On Fri, Jun 27, 2014 at 3:55 PM, Chris Palmer <palmer@google.com> wrote:
> Hi everyone,
> Apologies in advance to those of you who will get this more than once,
> due to the cross-posting. I wanted to get this to a wide audience, to
> gather feedback and have a discussion involving as many interested
> parties as possible (browser vendors, web developers, security
> engineers, privacy advocates, et al.).
> * Proposal
> The Chrome Security team and I propose that, for new and particularly
> powerful web platform features, browser vendors tend to prefer to make
> the the feature available only to secure origins by default.
> * Definitions
> "Particularly powerful" would mean things like: features that handle
> personally-identifiable information, features that handle high-value
> information like credentials or payment instruments, features that
> provide the origin with control over the UA's trustworthy/native UI,
> access to sensors on the user's device, or generally any feature that
> we would provide a user-settable permission or privilege to. Please
> discuss!
> "Particularly powerful" would NOT mean things like: new rendering and
> layout features, CSS selectors, innocuous JavaScript APIs like
> showModalDialog, or the like. I expect that the majority of new work
> in HTML5 fits in this category. Please discuss!
> "Secure origins" are origins that match at least one of the following
> (scheme, host, port) patterns:
>     * (https, *, *)
>     * (wss, *, *)
>     * (*, localhost, *)
>     * (*, 127/8, *)
>     * (*, ::1/128, *)
>     * (file, *, —)
>     * (chrome-extension, *, —)
> This list may be incomplete, and may need to be changed. Please discuss!
> A bug to define “secure transport” in Blink/Chromium:
> https://code.google.com/p/chromium/issues/detail?id=362214
> * For Example
> For example, Chrome is going to make Service Workers available only to
> secure origins, because it provides the origin with a new, higher
> degree of control over a user's interactions with the origin over an
> extended period of time, and because it gives the origin some control
> over the user's device as a background task.
> Consider the damage that could occur if a user downloaded a service
> worker script that had been tampered with because they got it over a
> MITM'd or spoofed cafe wifi connection. What should have been a nice
> offline document editor could be turned into a long-lived spambot, or
> maybe even a surveillance bot. If the script can only run when
> delivered via authenticated, integrity-protected transport like HTTPS,
> that particular risk is significantly mitigated.
> * Background
> Legacy platforms/operating systems have a 1-part principal: the user.
> When a user logs in, they run programs that run with the full
> privilege of the user: all of a user’s programs can do anything the
> user can do on all their data and with all their resources. This has
> become a source of trouble since the rise of mobile code from many
> different origins. It has become less and less acceptable for a user’s
> (e.g.) word processor to (e.g.) read the user’s private SSH keys.
> Modern platforms have a 2-part security principal: the user, and the
> origin of the code. Examples of such modern platforms include (to
> varying degrees) the web, Android, and iOS. In these systems, code
> from one origin has (or, should have) access only to the resources it
> creates and which are explicitly given to it.
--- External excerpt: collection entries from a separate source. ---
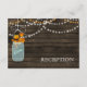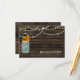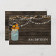Rustic Barnwood, dangling string lights with fall leaves in a mason jar wedding reception invite. Matching products also available.
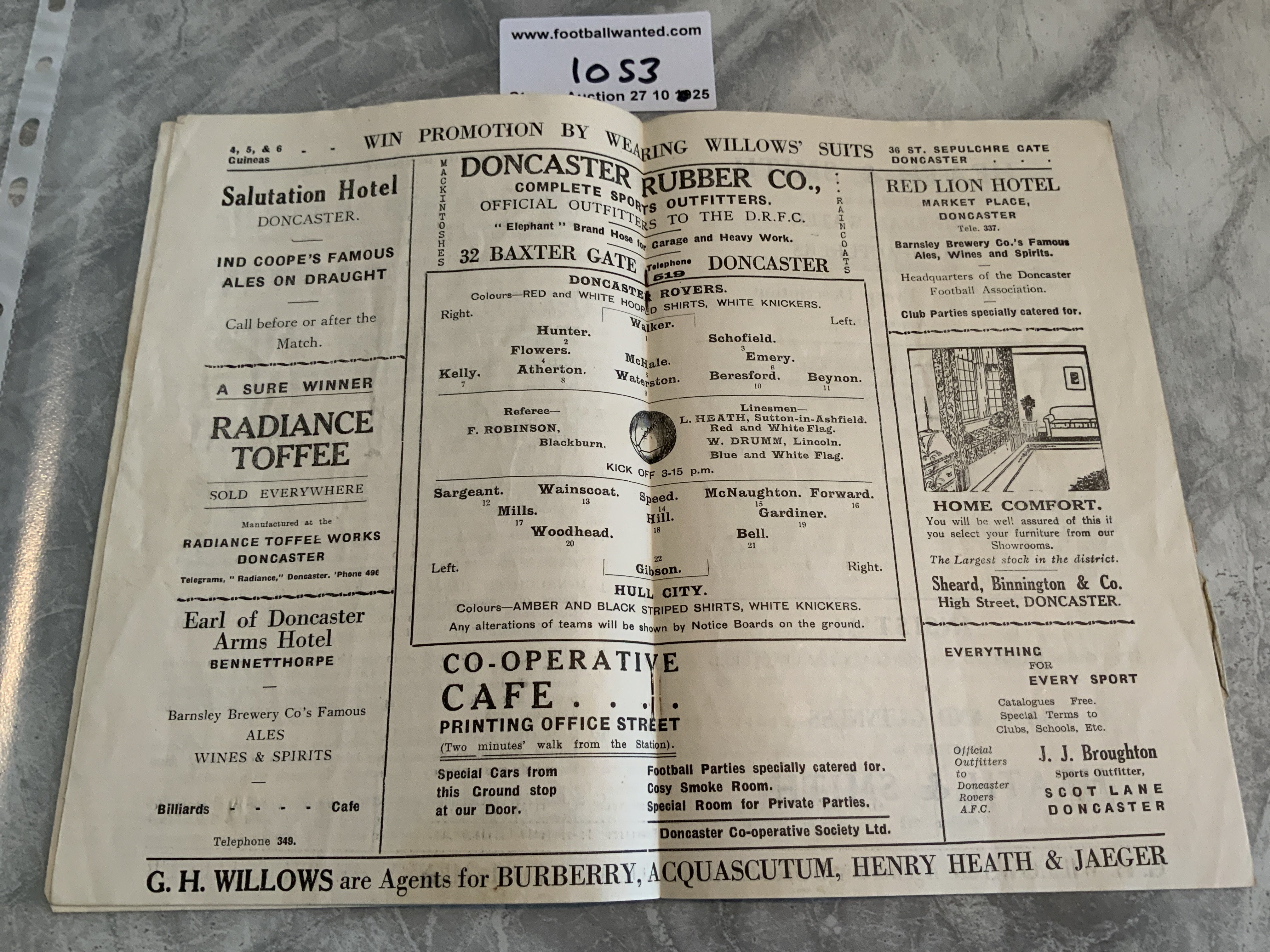 32/33 Doncaster Rovers v Hull City Football Programme: Division 3 programme in good condition with no team changes. Back page has tiny piece missing from border.
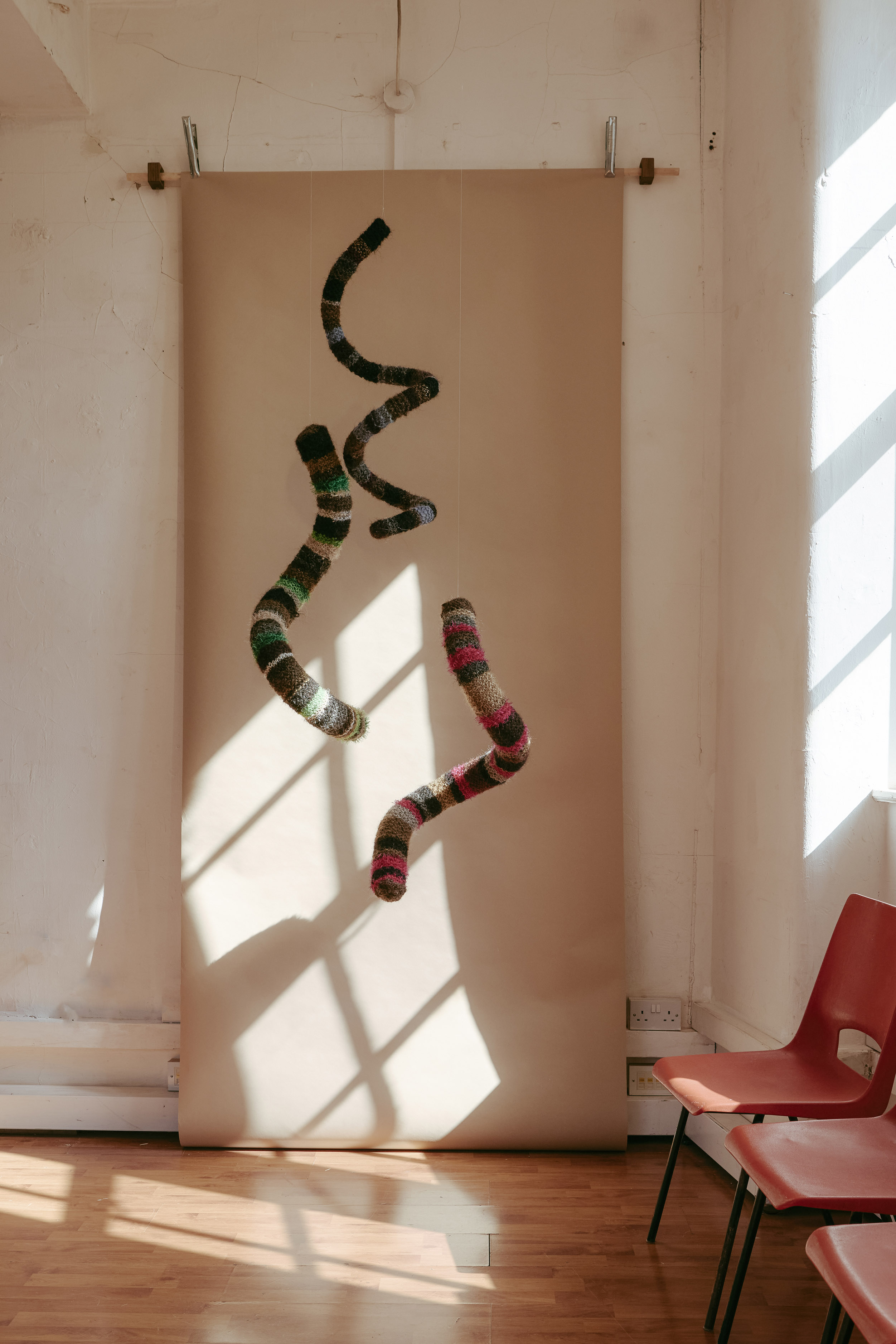Channelling her experience of using synthetic hair in her braids, Mia Rodney has seized the opportunity to create an in-house version of the HairCycle process. Using knitting and crochet techniques to divert personal beauty waste from landfills into materials for her creative practice. Building on her previous work, the curly shapes represent her personal journey of self-acceptance and act as symbols of resilience and beauty.

> For example, the Gmail app on Android has access only to the user’s
> Gmail and the system capabilities necessary to read and write that
> email. Without an explicit grant, it does not have access to resources
> that other apps (e.g. Twitter) create. It also does not have access to
> system capabilities unrelated to email. Nor does it have access to the
> email of another user on the same computer.
> In systems with 2-part principals, it is crucial to strongly
> authenticate both parts of the principal, not just one part.
> (Otherwise, the system essentially degrades into a 1-part principal
> system.) This is why, for example, both Android and iOS require that
> every vendor (i.e. origin) cryptographically sign its code. That way,
> when a user chooses to install Twitter and to give Twitter powerful
> permissions (such as access to the device’s camera), they can be sure
> that they are granting such capability only to the Twitter code, and
> not to just any code.
> By contrast, the web has historically made origin authentication
> optional. On the web, origins are defined as having 3 parts: (scheme,
> host, port), e.g. (HTTP, example.com, 80) or (HTTPS, mail.google.com,
> 443). Many origins use unauthenticated schemes like HTTP, WS, or even
> FTP.
> Granting permissions to unauthenticated origins is, in the presence of
> a network attacker, equivalent to granting the permissions to any
> origin. The state of the internet is such that we must indeed assume
> that a network attacker is present.
> * Thank You For Reading This Far!
> We welcome discussion, critique, and cool new features!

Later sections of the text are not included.